While a jury eventually awarded his client $500,000, Lee said the case was a challenge because doctors tend not to act in stereotypically discriminatory ways. Friday’s opinion, he said, could help overcome that hurdle.

“Highly educated people don’t have that kind of roughhouse environment, but there can be sex harassment nonetheless,” said Lee. Shelley Gregory, a staff attorney at the Legal Aid Society-Employment Law Center in San Francisco, agreed.

“It’s not always the case that we have a smoking gun,” she said. “What I think the court is doing is recognizing the evolving nature of harassment in the workplace.” Gilmore Diekmann Jr., a partner at Seyfarth Shaw who defends employers in harassment suits, was less enthused.

He said the opinion is unclear on the most alarming point it raises: that subjective effects of an employer’s behavior may be used to determine whether there was discrimination.

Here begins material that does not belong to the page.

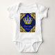 Boys prince baby shirts with pretty royal blue and gold jewel crown on a rich royal blue and gold swirl background. You can add the text of your choice to personalise this adorable prince baby shirt. There is also a crown on the back where you can add text, or you can remove it if preferred.

“It’s unique and probably wrong” if the court meant that people’s different reactions to the same behavior could form the basis for a discrimination claim, he said. “It seems to be some effort by a panel to possibly inject a new type of liability,” he added.

The opinion, Christopher v. National Education Association, 05 C.D.O.S. 7999, sends the case of plaintiff Carol Christopher back to the U.S. District Court for the District of Alaska, which had dismissed the suit.